音猬因子(Shh)是一种对神经系统发育至关重要的形态发生素,在成年期通过促进细胞增殖和分化、维持血脑屏障完整性以及对氧化应激和兴奋性毒性应激具有细胞保护作用,继续发挥重要作用,而这些特性在肌萎缩侧索硬化症(ALS)中都具有重要意义。ALS是一种致命疾病,其特征是运动神经元选择性丧失,但其机制尚不清楚。有证据表明,Shh可能在ALS中发挥重要作用,并且Shh信号传导在ALS中也可能受到不利影响。由于对ALS患者中Shh通路的功能状态了解甚少,因此我们试图确定ALS患者脑脊液(CSF)中的Shh蛋白水平或生物学活性是否低于对照组,以及这些指标是否与ALS疾病严重程度、疾病进展以及ALS中其他具有生物学意义的CSF分析物相关。
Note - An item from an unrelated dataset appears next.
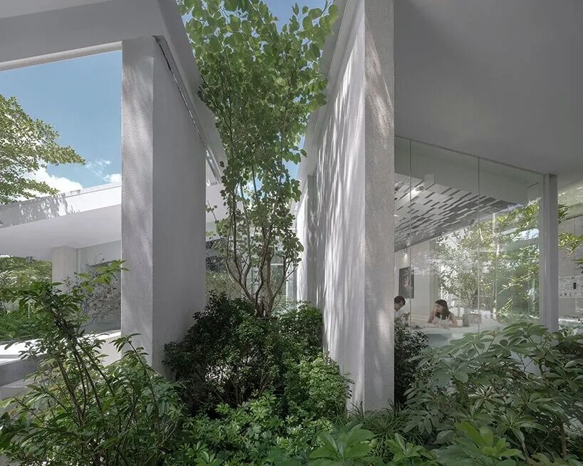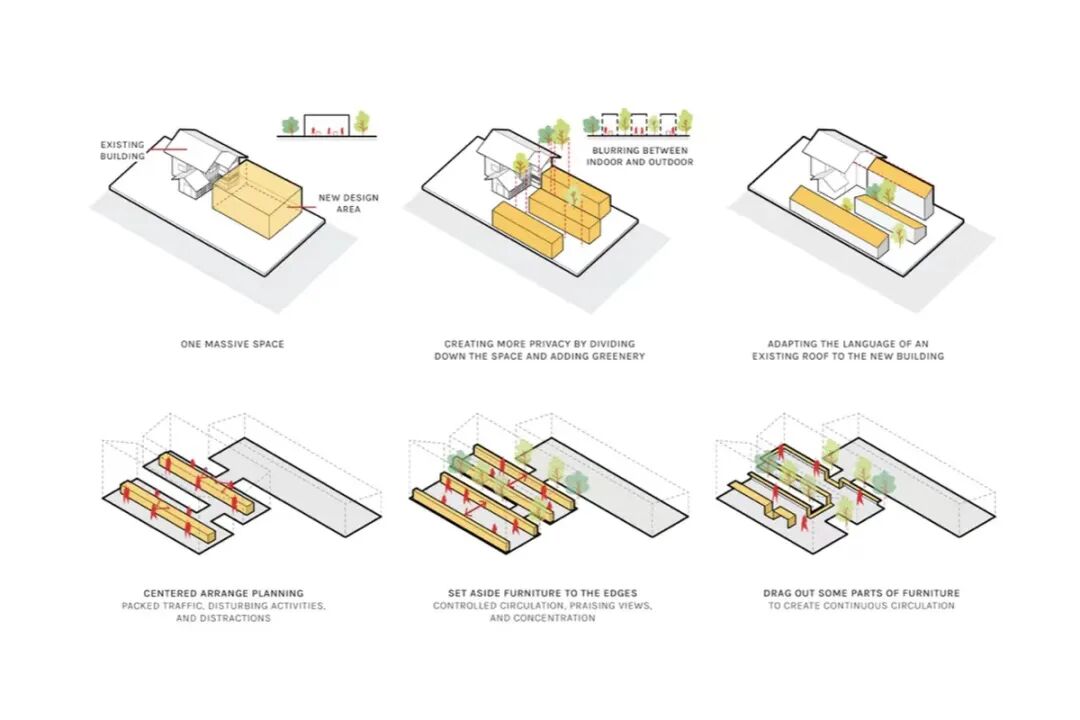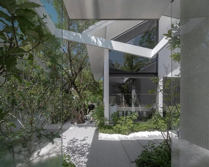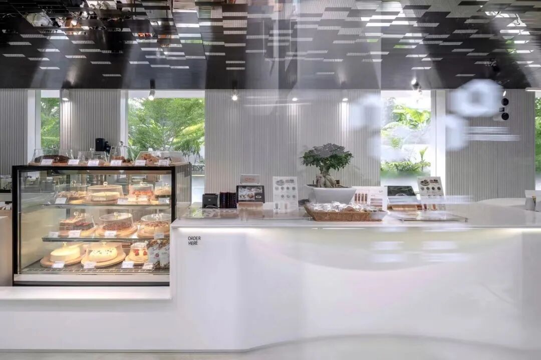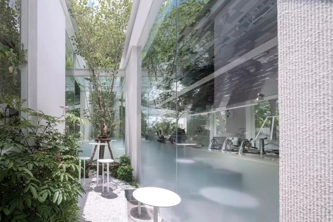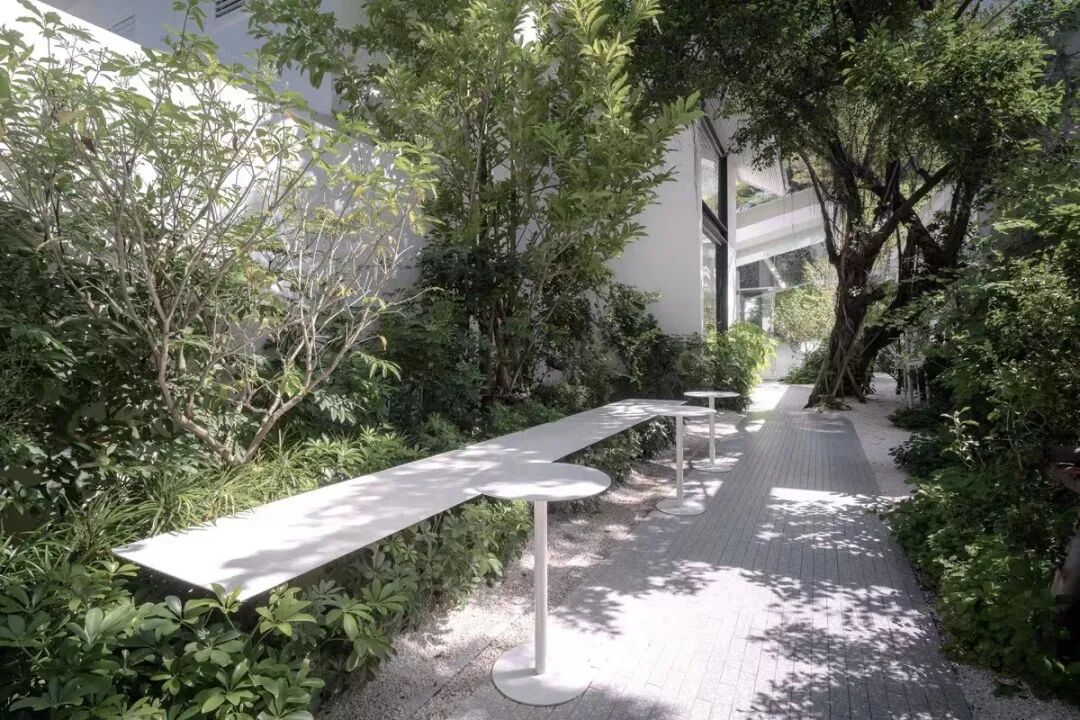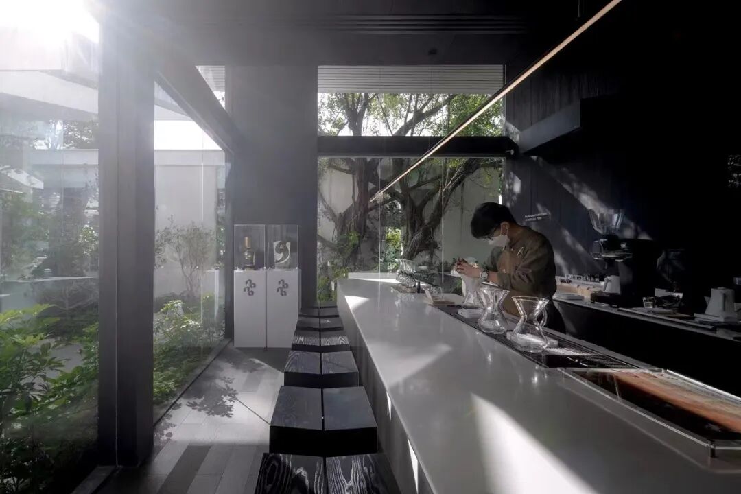 由于天花板上大量的反光玻璃和马赛克镶板使得户外景观室外景观流入咖啡店的内部,渗入了建筑体之间的缝隙,从而进一步模糊了界限。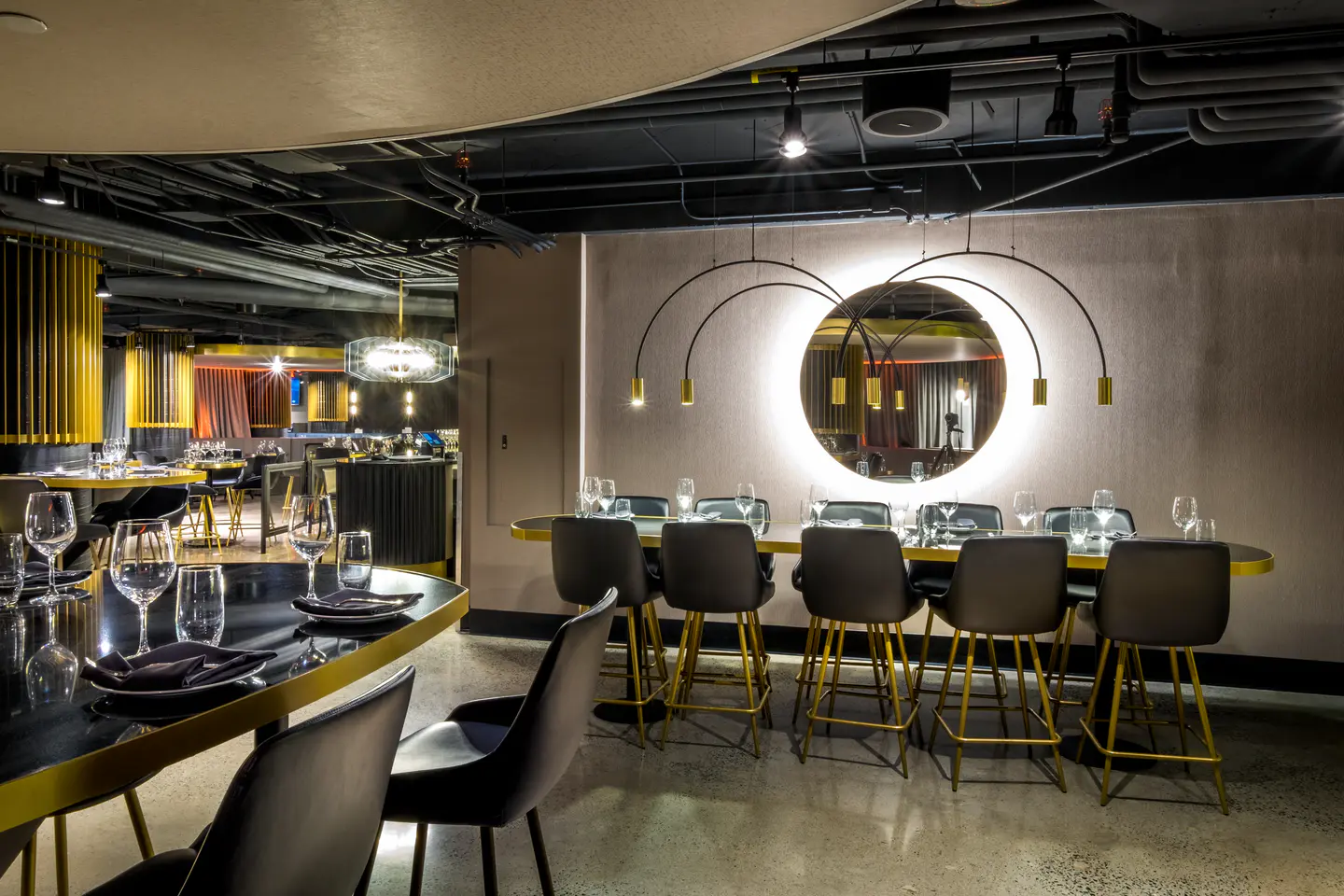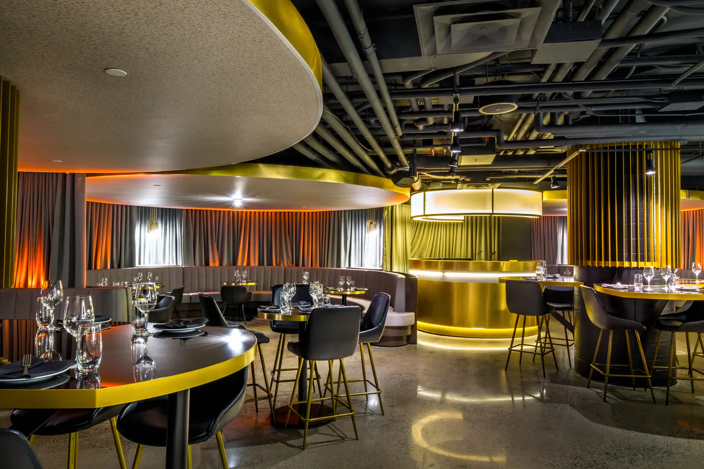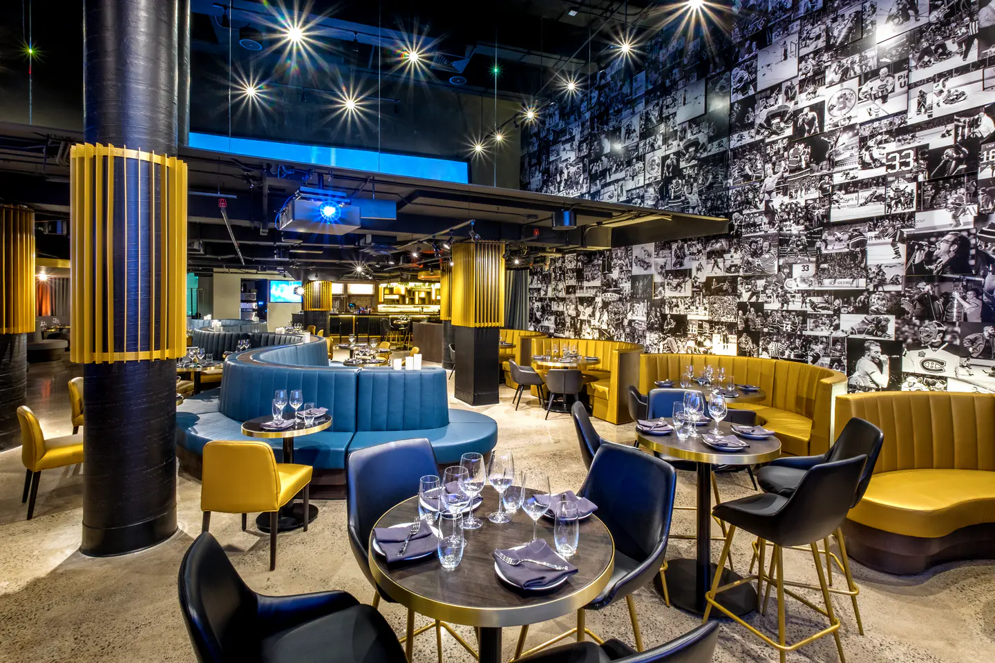 Rénovation complète de l'aire de restauration M2 et aménagement du restaurant Le Mythik au Centre Bell, de nouveaux espaces élégants offrant une expérience culinaire raffinée en marge des événements sportifs et culturels. Le projet mise sur une atmosphère immersive alliant confort, design contemporain et cuisine soignée.

通过酶联免疫吸附测定(ELISA)比较正常对照组(n = 13)、神经对照组(n = 12)和ALS患者(n = 9)脑脊液中的Shh水平,我们发现对照组和ALS患者的脑脊液Shh水平没有差异。然而,当使用基于体外细胞的测定方法评估脑脊液中的Shh生物学活性时,该方法将Shh活性测量为可诱导的Gli驱动的发光,我们发现,在存在外源性重组Shh或Shh激动剂嘌呤吗啡的情况下,对照组脑脊液的可诱导活性如预期显著增强,但ALS组没有,这表明ALS脑脊液样本中存在Shh信号传导抑制剂。由于嘌呤吗啡作用于Shh及其受体Patched下游的Smoothened,因此抑制作用在Smoothened下游。我们的结果还表明,虽然ALS脑脊液对Shh信号传导的抑制作用与ALS疾病特征没有显著相关性,但白细胞介素-1β(IL-1β)和肿瘤坏死因子-α(TNF-α)的水平与疾病特征相关。除了在ALS脑脊液中显著升高外,这些细胞因子与疾病持续时间呈负相关,而生长分化因子11(GDF11)是ALS临床评分的一个有利预测指标。我们还发现TNF-α在体外显著抑制Shh生物学活性,这可能表明TNF-α在ALS发病机制中具有新的作用。总的来说,这是第一份证明ALS患者脑脊液中Shh信号传导受损的报告。